—¿Creéis que esto es una puta democracia? —pregunta el Gobernador con voz crispada y ronca, haciendo temblar las paredes de hormigón de la sala privada que hay justo debajo del quiosco del estadio, mientras limpia el suelo con su guardapolvo empapado de sangre.
En la impoluta habitación que una vez fuera oficina de contabilidad y archivo del recinto sigue estando la caja fuerte reventada en un rincón. Sin embargo, el único mobiliario que ahora la ocupa es una mesa de reuniones larga y deslucida, unos calendarios de chicas desnudas colgados en la pared y un par de escritorios con algunas sillas giratorias colocadas boca abajo sobre ellos.
Compungidos y en silencio, Martínez y Lilly se sientan en unas sillas plegables que hay apoyadas en la pared mientras Bruce y Gabe los observan muy de cerca con las armas preparadas. Una tensión electrizante se respira en la habitación.

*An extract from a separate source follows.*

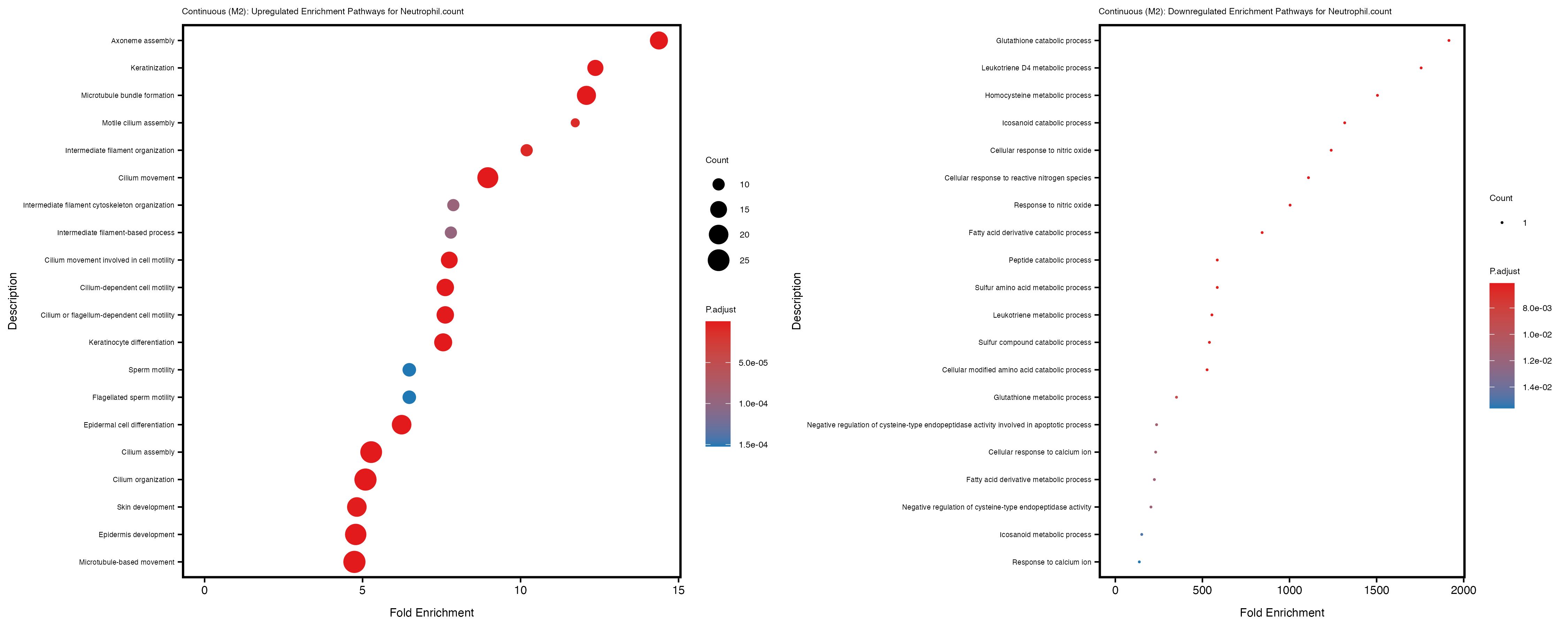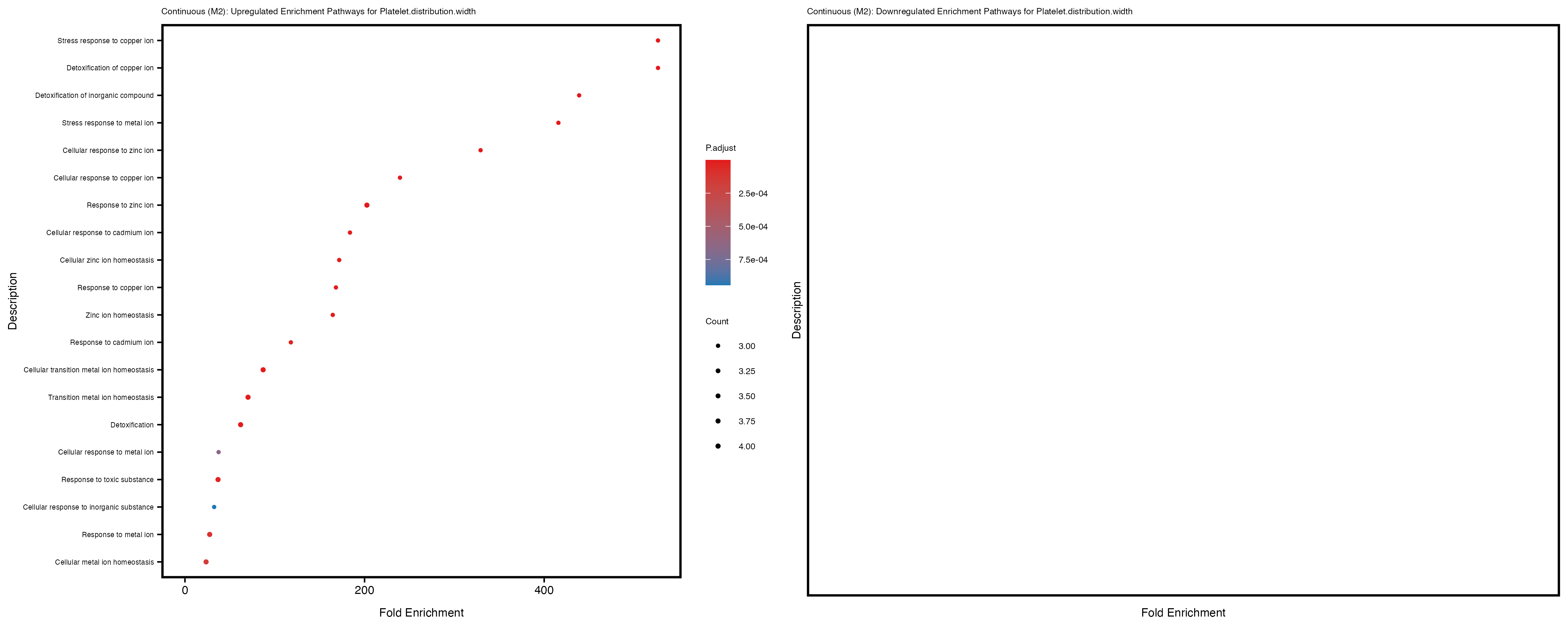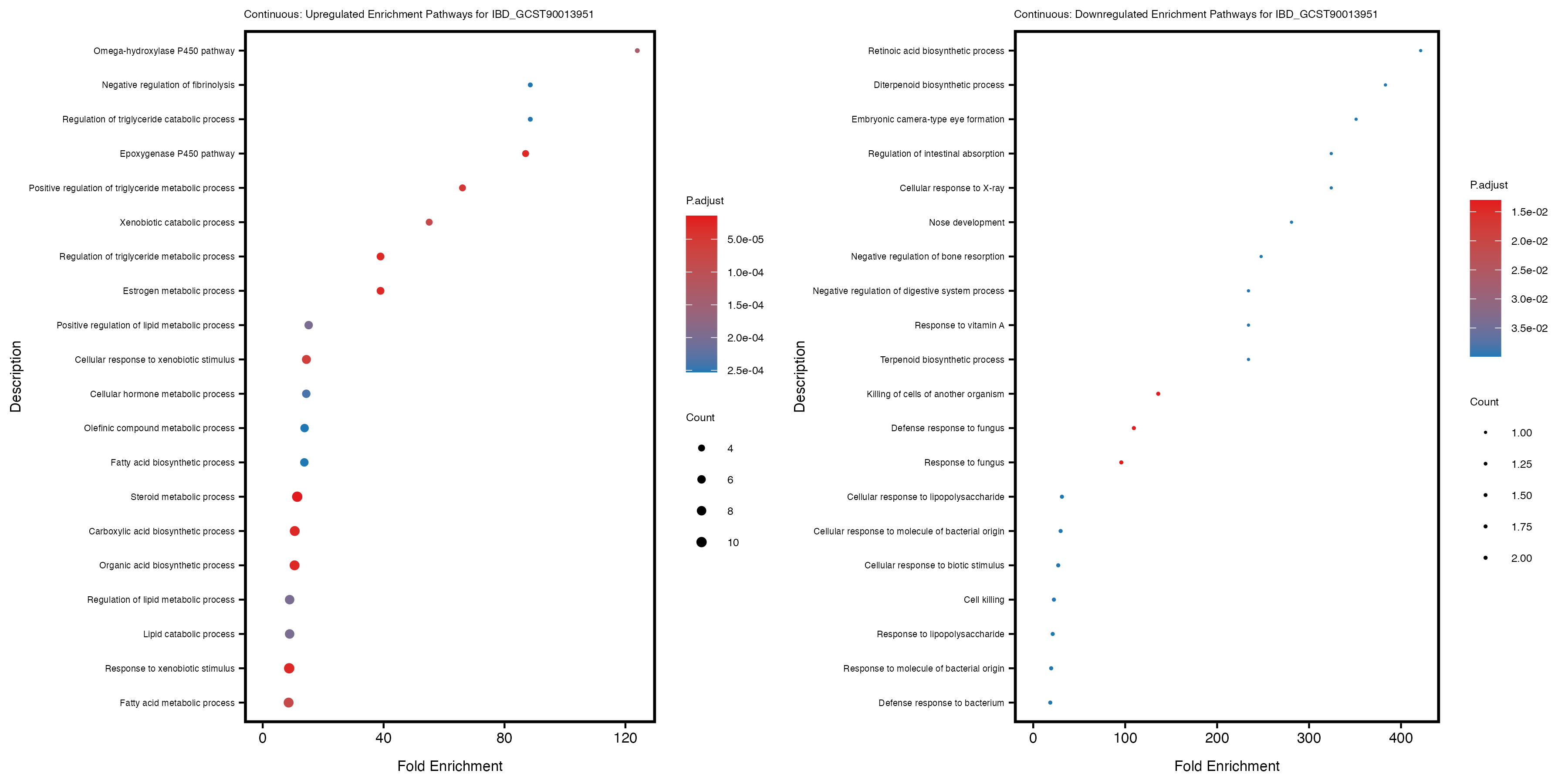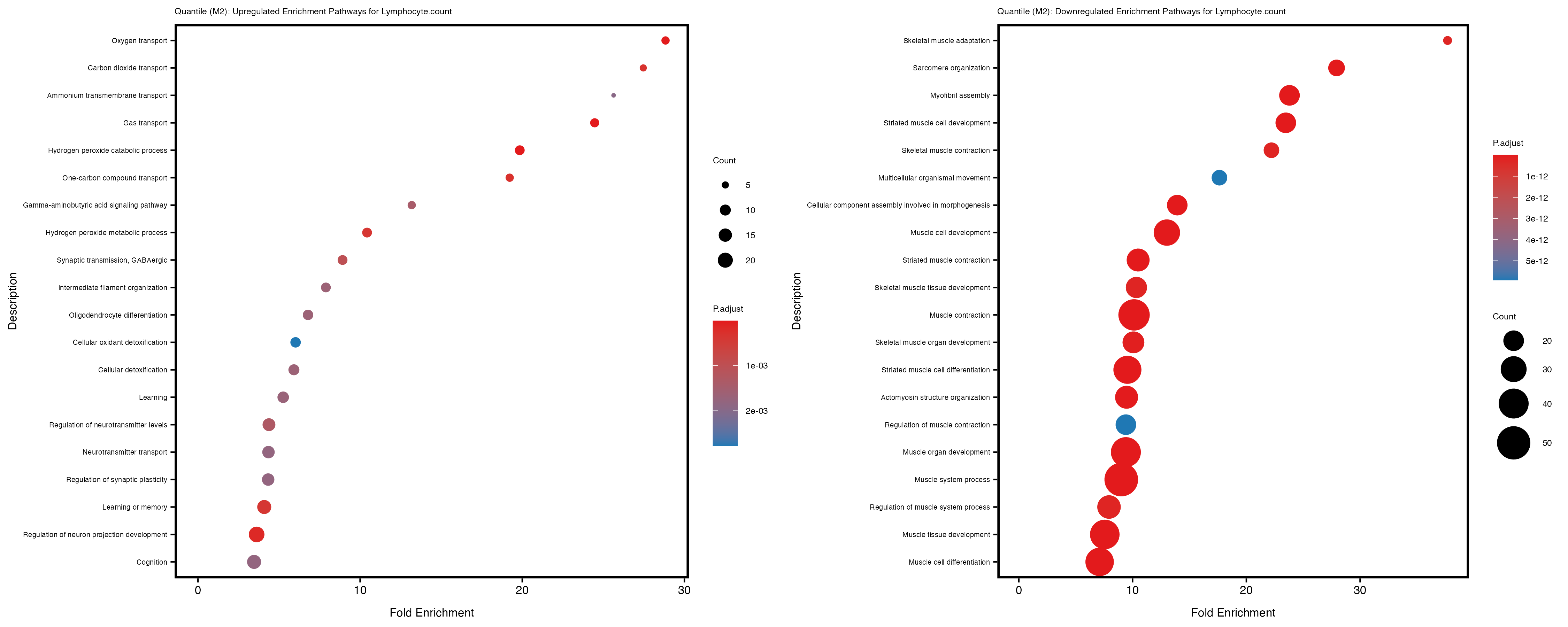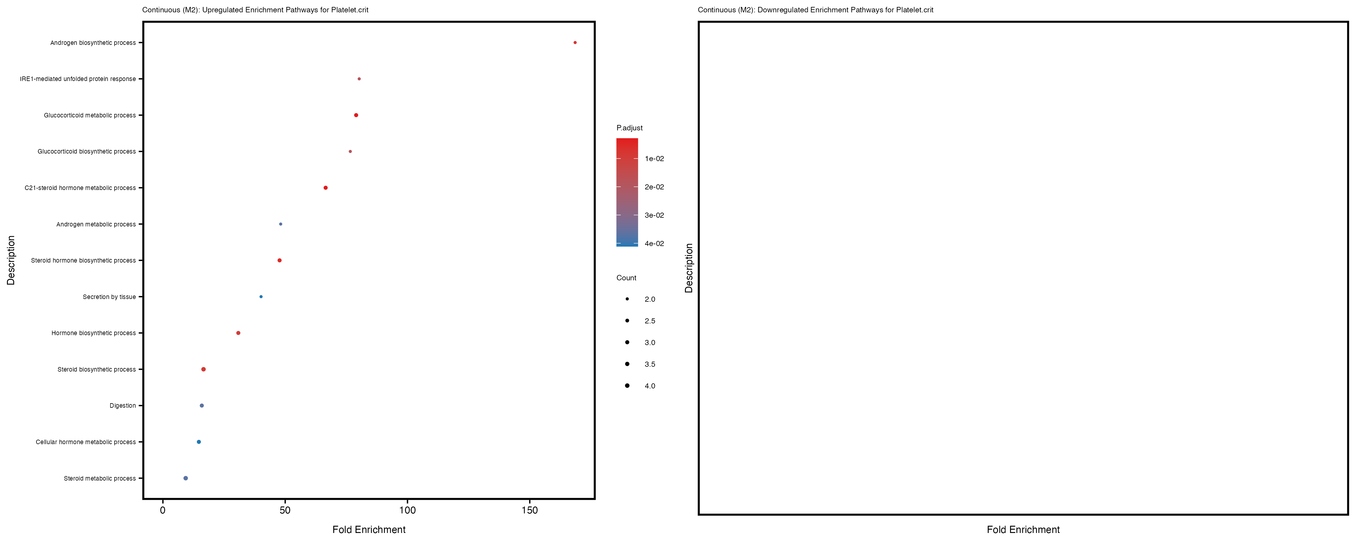To account for population stratification, we adjusted the model by including the first two genotype principal components (PCs), as they explain most of the genetic variation in the data. For Eosinophil count, we observed that genes were consistently identified as top differentially expressed with and without adjustment. The only difference is that instead of SLC6A9, WFDC2 was detected as top 10 DEGs when adjusting for the first two genotype PCs. WFBC2 is a protease inhibitor with a potential role in innate immune defense (L Bingle, 2006). Although same genes are identified as top DEGs for continuous analysis, additional pathways such as response to inactivity were highlighted when adjusting for the first two genotype PCs.

—Al parecer, habéis olvidado que este lugar subsiste por una sola razón. —El Gobernador hace pausas en el discurso debido a los tics y los movimientos nerviosos que le ha provocado el impacto del táser. Tiene la cara y la ropa llenas de sangre seca y el pelo enmarañado—. ¡Subsiste porque soy yo el que lo hace funcionar! ¿Veis bien todo esto? ¡Esto es lo que hay de menú si queréis comer! ¡Si queréis vivir en un puto paraíso o en un oasis de compañerismo y amistad, llamad a la puta Rana Gustavo! ¡Esto es la guerra, joder!
Hace una pausa de reflexión que provoca un gran silencio que oprime la sala.
—¿Habéis consultado a esos cabrones de las gradas si quieren democracia? ¿Quieren amistad y buen rollo, o quieren a alguien que les organice toda su puta vida e impida que los zombies se los coman para merendar? —pregunta con los ojos encendidos—. ¡Creo que ya se os ha olvidado cómo era esto cuando Gavin y sus guardias estaban al mando! ¡Se os ha olvidado que hemos sido nosotros quienes lo hemos arreglado. Los que hemos…!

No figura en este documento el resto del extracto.